Andalucía se enfrenta a incendios simultáneos que obligan a evacuar vecinos en Almería y Málaga

Imagen: El País
Más de 200 bomberos combaten dos incendios activos en Almería y Málaga, mientras la Junta de Andalucía ha evacuado a decenas de vecinos por precaución. La emergencia se suma a otro fuego en Córdoba que interrumpió durante dos horas la circulación del AVE.
Andalucía volvió a quedar este miércoles bajo presión por el avance simultáneo de varios incendios forestales que obligaron a desplegar a más de 200 efectivos y a evacuar a vecinos en Almería y Málaga. La situación más delicada se concentró en Pinar de Bédar, donde la Junta desalojó a medio centenar de personas, y en una urbanización de Estepona, de la que fueron retirados alrededor de un centenar de residentes por el riesgo de que el fuego avanzara hacia zonas habitadas.
Según informó El País, en ambos focos trabajaron bomberos forestales, medios aéreos y equipos de emergencia de la comunidad autónoma para intentar frenar la propagación de las llamas, alimentadas por unas condiciones que, como ocurre con frecuencia en el sur peninsular durante el verano, favorecen la expansión rápida del fuego. La respuesta fue inmediata porque en este tipo de episodios no solo importa el perímetro quemado: también pesa la cercanía de viviendas, la orografía y la posibilidad de que cambie el viento en cuestión de minutos, algo que complica cualquier previsión operativa y obliga a priorizar la protección de la población antes que la extinción total.

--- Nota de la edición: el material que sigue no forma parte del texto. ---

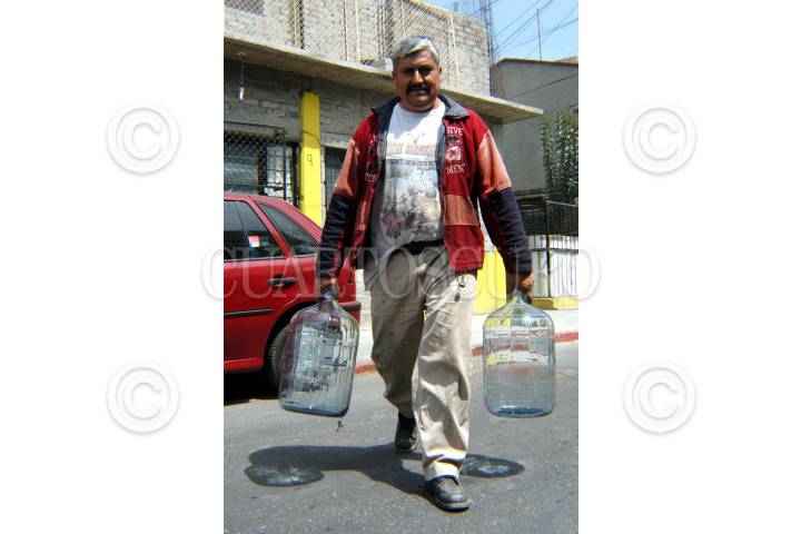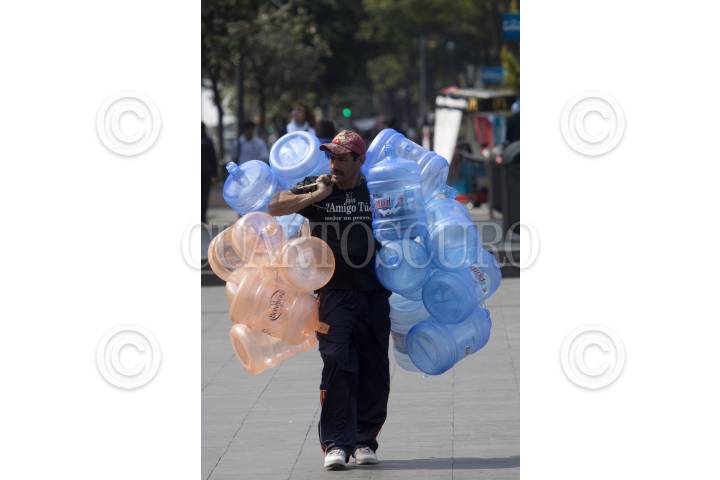 MÉXICO, D.F. 24ENERO2012.- Vendedor de agua camina con sus garrafones sobre la avenida Juárez. El agua envasada en garrafón es el 70% del mercado y crece a tasas de 7%, en tanto que la vendida en botella representa 30% del mercado total pero crece a tasas de 11%, según la Asociación Nacional de Productores y Distribuidores de Agua Purificada (ANPDAPAC),. FOTO: MOISÉS PABLO/CUARTOSCURO.COM
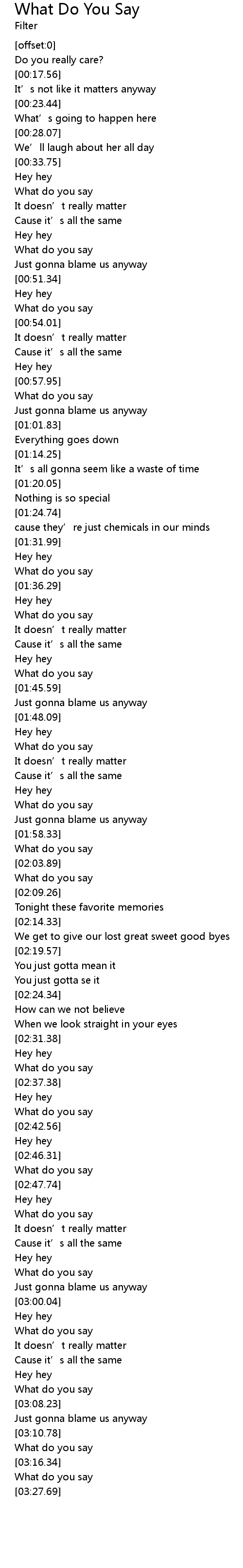 | [03:25.63] | What do you say |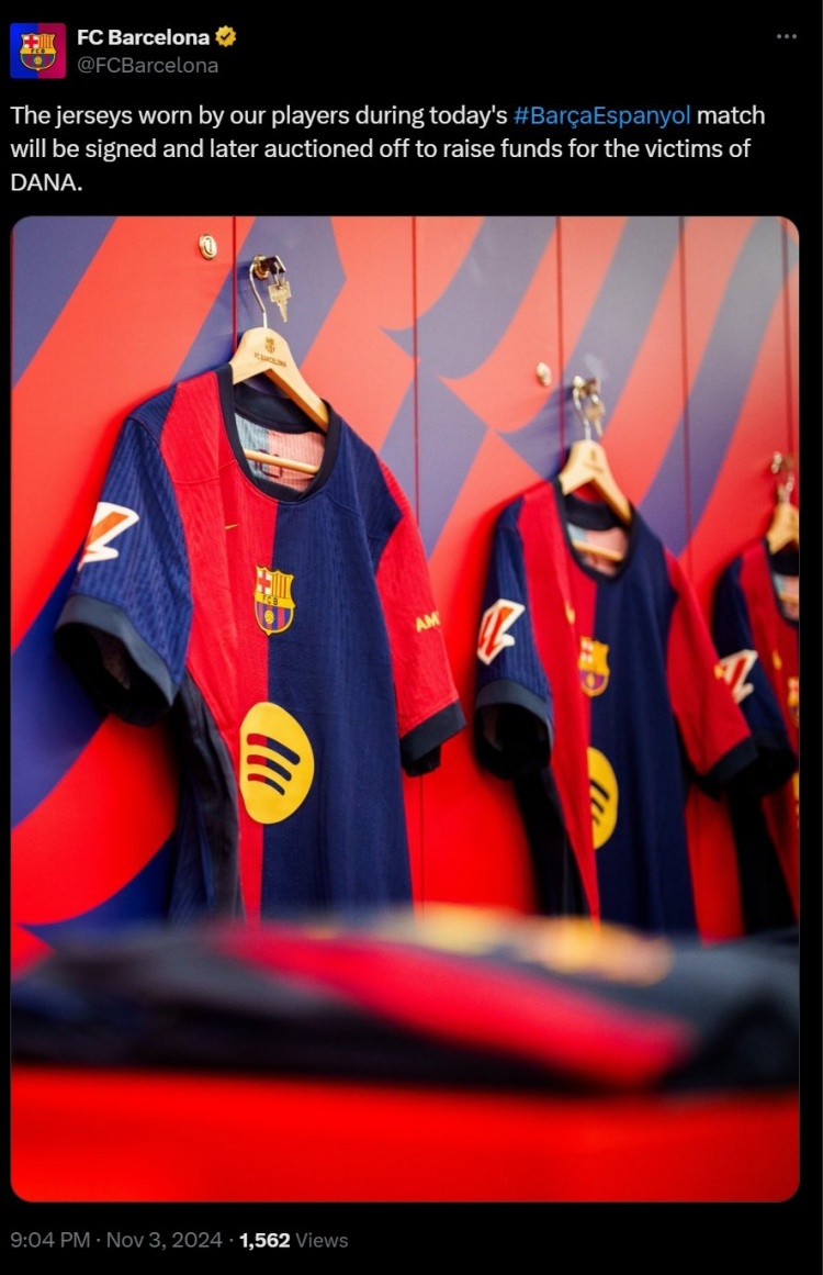 巴萨官方表示,在对阵西班牙人的比赛后,球员们将为自己穿过的球衣签名。这些球衣将被拍卖,从而为风暴“达纳”的受害者筹集资金。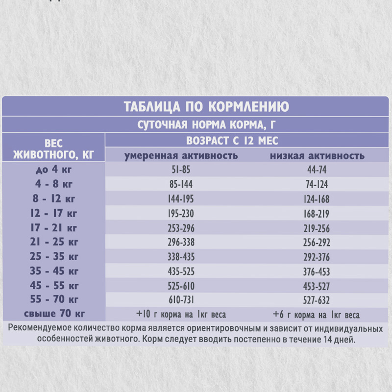 Рекомендации к кормлению: от 44 г до 731 г в сутки в зависимости от веса, комплекции и возраста животного.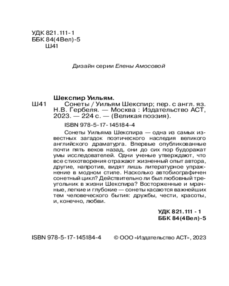 💳 Оплатить за товар можно при получении 🇰🇿 Есть бесплатная доставка по Казахстану от 1 дня 🎁 Копите бонусы с каждой покупки Серия: Великая поэзия Сонеты Уильяма Шекспира — одна из самых известных загадок поэтического наследия великого английского драматурга. Впервые опубликованные почти пять веков назад, они до сих пор будоражат умы исследователей. Одни ученые утверждают, что все стихотворения отражают жизненный опыт автора, другие, напротив, видят лишь литературное упражнение в модном стиле. Насколько автобиографичен сонетный цикл? Действительно ли был любовный треугольник в жизни Шекспира? Кто скрывается под именами Друга и Смуглой Леди? Восторженные и мрачные, легкие и глубокие — сонеты касаются важнейших тем человеческого бытия: дружбы, чести, красоты, и, конечно, любви. |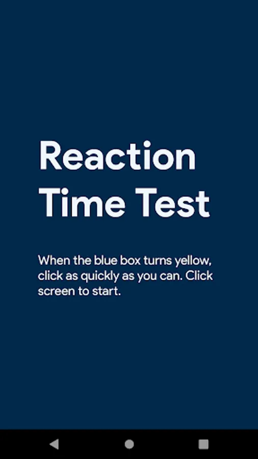 - When the blue screen turns to yellow tap to screen and wait your reaction time / reaction score.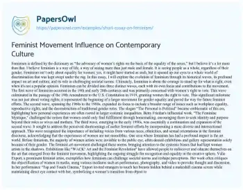 Feminist Movement Influence on Contemporary Culture. (2020, Dec 18). Retrieved from https://hub.papersowl.com/examples/short-essay-on-feminism/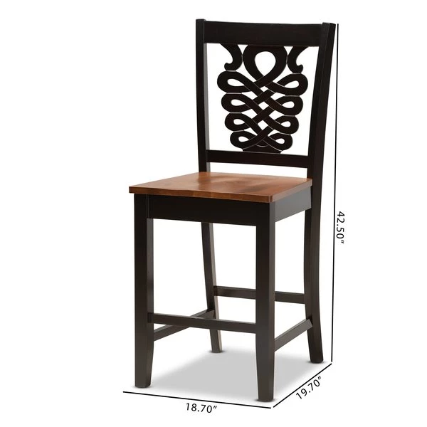 Imbue your dining space with the elegance of the finely crafted Gervais counter stool. Made in Malaysia, the Gervais is comprised of a sturdy wood frame showcasing a rich dark brown finish. The seat is finished in a distinctive walnut brown hue and is scooped for a more casual and comfortable experience. Requiring assembly, the backrest features a unique, intricate cut-out design for enhanced visual appeal. An optimal balance of comfort and modern style, the Gervais counter stool enhances any occasion.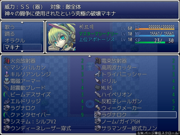 -> 스샷은 미궁 강보스 '마왕 학살자'와 '월드 브레이커'가 쓰는 기술들을 모조리 뺏어왔을 때의 모습. 퀀터 세이버 아래에 보이는 기술들은 4정령과 마키나가 연동된 혼돈계 스킬 4개 ( 가이아:노움GH(테라) / 운디네 레이저 천공식(양자) / 시스템 : 실프V2(하드론) / 샐러맨더 종식 캐논(핵열) )와 '라그나로크(핵열)(적 보스가 쓰는 건 마키나 없어도 쓸 수 있음)' 를 볼 수 있는데 아마 종장에서 배울 수 있을듯? 물론 이건 에디터를 통해 구현한거고, 정상적인 겜에선 배울 수 없다.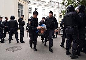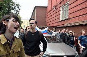 Акция в поддержку независимых кандидатов в депутаты Московской городской думы у здания Московской городской избирательной комиссии (Мосгоризбирком). Сотрудники полиции во время задержания участников акции.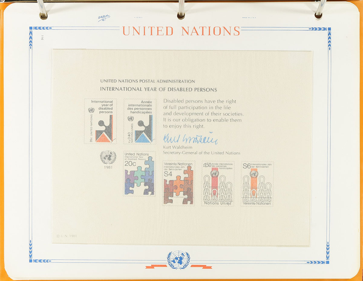 Mint (and some used) stamps on album and stock pages, in glassines, plus a couple of binders of presentation cards. Mostly pre-1990, with some duplication. Mostly New York, but some Vienna and Geneva offices. Lots of catalogue value. This was four bidboard lots at one time, plus some extra material. The balance of an estate. Estimate =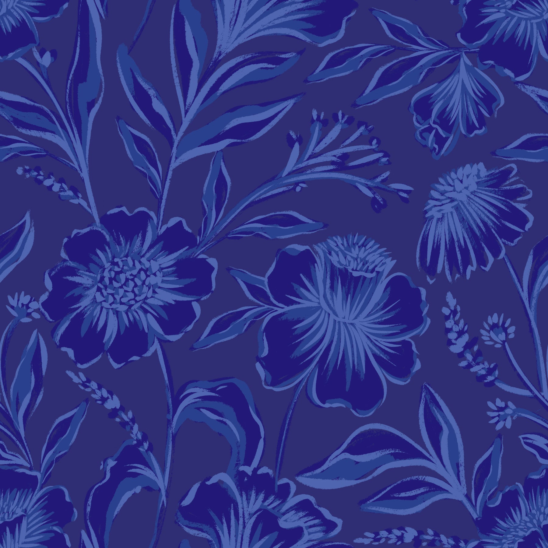 Invite nature indoors with Twilight Blooms, a classic floral pattern. This rich pattern features various flowers on a saturated blue. This wallpaper for walls adds depth and charm to bedrooms and dining rooms. Its monochromatic palette allows for versatility and sophistication. The delicate design balances bold aesthetics with calming visuals. Enliven interiors with the calming atmosphere and elegant design of this botanical option. Install it easily for a quick update or dramatic change in any space. Feel at peace with flowers inside.

El episodio, además, confirma una tendencia cada vez más preocupante: la temporada de incendios deja de ser un fenómeno acotado al monte para convertirse en una amenaza directa sobre urbanizaciones, carreteras e infraestructuras críticas. En Córdoba, otro incendio llegó a afectar durante dos horas la circulación del AVE, que ya fue restablecida, un recordatorio de cómo un foco aparentemente aislado puede alterar la movilidad de miles de personas y golpear la actividad económica regional. Para los vecinos evacuados, la emergencia no se mide solo en hectáreas calcinadas sino en incertidumbre, noches fuera de casa y el temor de que el próximo fuego encuentre menos margen de maniobra.

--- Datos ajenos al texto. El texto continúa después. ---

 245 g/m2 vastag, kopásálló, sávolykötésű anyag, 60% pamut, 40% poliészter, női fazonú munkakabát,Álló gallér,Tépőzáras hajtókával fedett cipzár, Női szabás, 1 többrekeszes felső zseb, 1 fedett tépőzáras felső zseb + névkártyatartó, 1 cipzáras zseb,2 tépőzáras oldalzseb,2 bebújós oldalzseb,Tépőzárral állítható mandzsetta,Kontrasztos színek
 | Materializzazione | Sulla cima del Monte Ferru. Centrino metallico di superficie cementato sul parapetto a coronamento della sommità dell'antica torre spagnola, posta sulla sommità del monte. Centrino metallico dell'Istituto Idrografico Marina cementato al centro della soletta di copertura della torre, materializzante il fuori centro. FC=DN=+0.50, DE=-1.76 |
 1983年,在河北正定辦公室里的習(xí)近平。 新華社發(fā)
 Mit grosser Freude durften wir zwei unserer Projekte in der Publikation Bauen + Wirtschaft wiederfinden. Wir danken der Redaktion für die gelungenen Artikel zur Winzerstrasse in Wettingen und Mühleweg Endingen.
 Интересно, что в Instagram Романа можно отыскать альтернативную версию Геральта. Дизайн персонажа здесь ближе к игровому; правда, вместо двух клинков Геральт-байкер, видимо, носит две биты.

Lo que está pasando en Andalucía también obliga a mirar más allá del parte urgente. La recurrencia de incendios simultáneos, la presión sobre los servicios de emergencia y la expansión de viviendas en áreas próximas al monte dibujan un escenario de riesgo creciente que las administraciones ya no pueden tratar como excepción estacional. Si el calor, la sequía y el viento siguen marcando el ritmo del verano, la pregunta de fondo no es cuántos fuegos habrá que apagar, sino cuánta capacidad real tienen los territorios para prevenirlos antes de que lleguen a las puertas de casa.